PROBLEM
Your answer should be an exact copy of the lines from the one holding "- 💎 - 【Коробка" to the end of the material below, pictures left out.

··· RECORD EXCERPTS ···

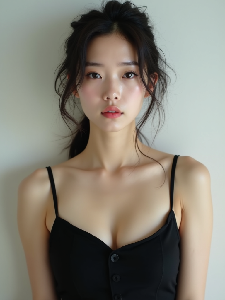 model looking straight into camera with mouth closed and no emotion. plain background. wearing black tank top
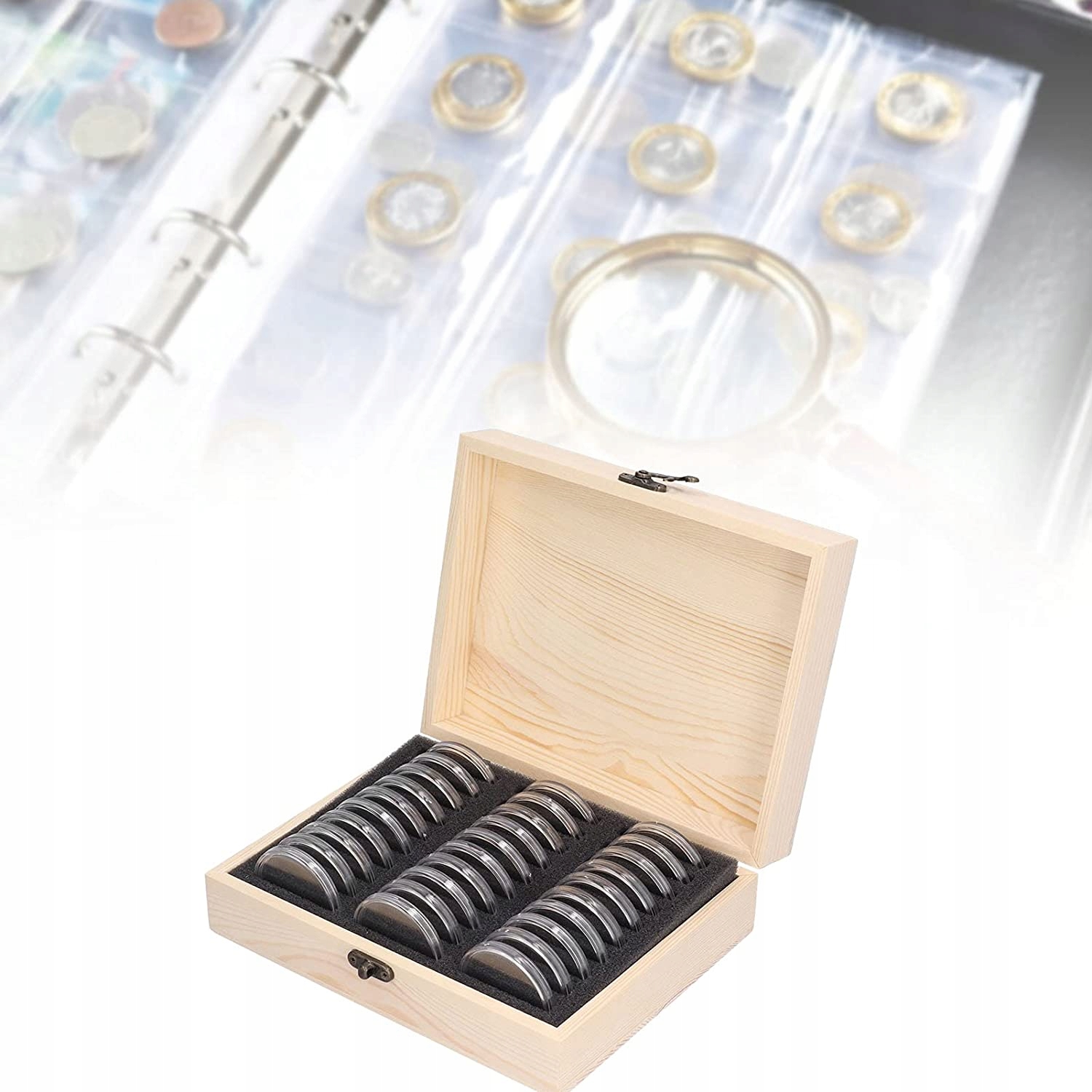 - 💎 - 【Коробка для зберігання монет】: Коробка для зберігання монет, виготовлена з високоякісної сосни для 30 пластикових капсул для монет. Дерев’яна коробка для зберігання монет практична та міцна, ідеально підходить для захисту ваших капсул для монет, щоб вони були акуратними та акуратними.
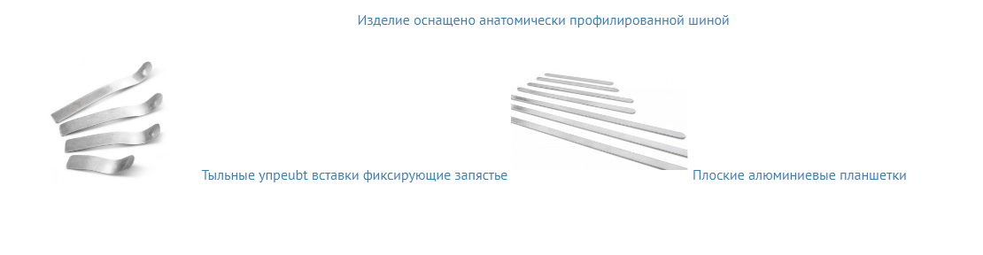 Изделие оснащено анатомически профилированной шиной фиксирующей запястье, а также лентой VELCRO, способствующей идеальному прилеганию изделия к конечности. На тыльной стороне ладони имеются четыре упругие вставки, дополнительно фиксирующие запястье.
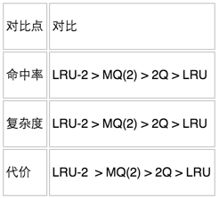 LRU-K具有LRU的优点,同时能够避免LRU的缺点,实际应用中LRU-2是综合各种因素后最优的选择,LRU-3或者更大的K值命中率会高,但适应性差,需要大量的数据访问才能将历史访问记录清除掉。
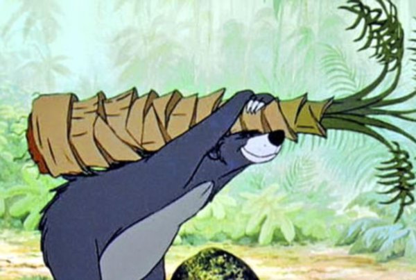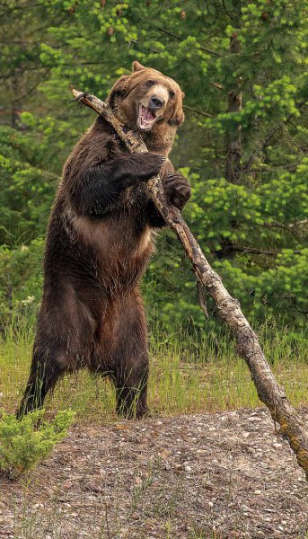 Забавные кадры снял фотограф Shayne McGuire на ферме в штате Монтана в США. Пятилетний гризли Бруно, словно подражая своему собрату Балу из мультфильма «Книга джунглей», взял ствол старого дерева и усердно чесал им спину.
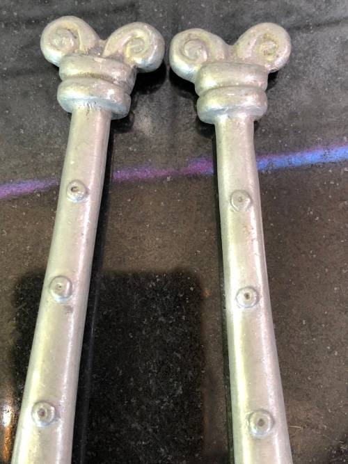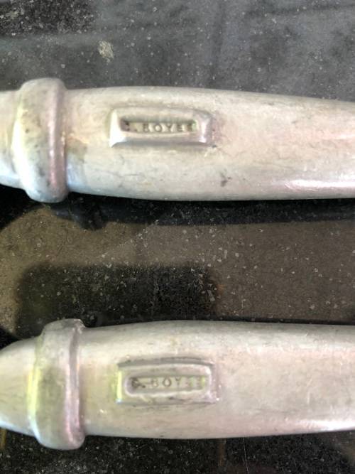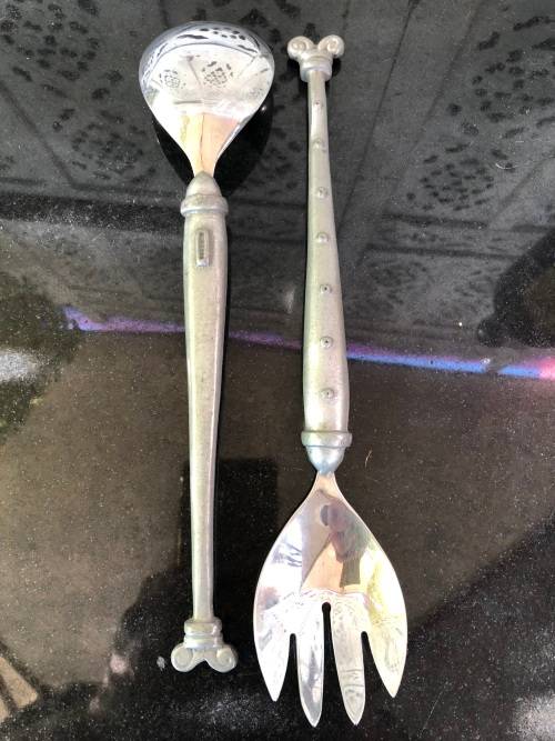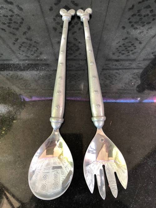 WOW !!! VINTAGE HEAVY CARROL BOYES PEWTER SALAD SERVERS - SPOTTED ARIES PATTERN - CLEARLY MARKED

···

YOUR SOLUTION
 - 💎 - 【Коробка для зберігання монет】: Коробка для зберігання монет, виготовлена з високоякісної сосни для 30 пластикових капсул для монет. Дерев’яна коробка для зберігання монет практична та міцна, ідеально підходить для захисту ваших капсул для монет, щоб вони були акуратними та акуратними.
 Изделие оснащено анатомически профилированной шиной фиксирующей запястье, а также лентой VELCRO, способствующей идеальному прилеганию изделия к конечности. На тыльной стороне ладони имеются четыре упругие вставки, дополнительно фиксирующие запястье.
 LRU-K具有LRU的优点,同时能够避免LRU的缺点,实际应用中LRU-2是综合各种因素后最优的选择,LRU-3或者更大的K值命中率会高,但适应性差,需要大量的数据访问才能将历史访问记录清除掉。
 Забавные кадры снял фотограф Shayne McGuire на ферме в штате Монтана в США. Пятилетний гризли Бруно, словно подражая своему собрату Балу из мультфильма «Книга джунглей», взял ствол старого дерева и усердно чесал им спину.
 WOW !!! VINTAGE HEAVY CARROL BOYES PEWTER SALAD SERVERS - SPOTTED ARIES PATTERN - CLEARLY MARKED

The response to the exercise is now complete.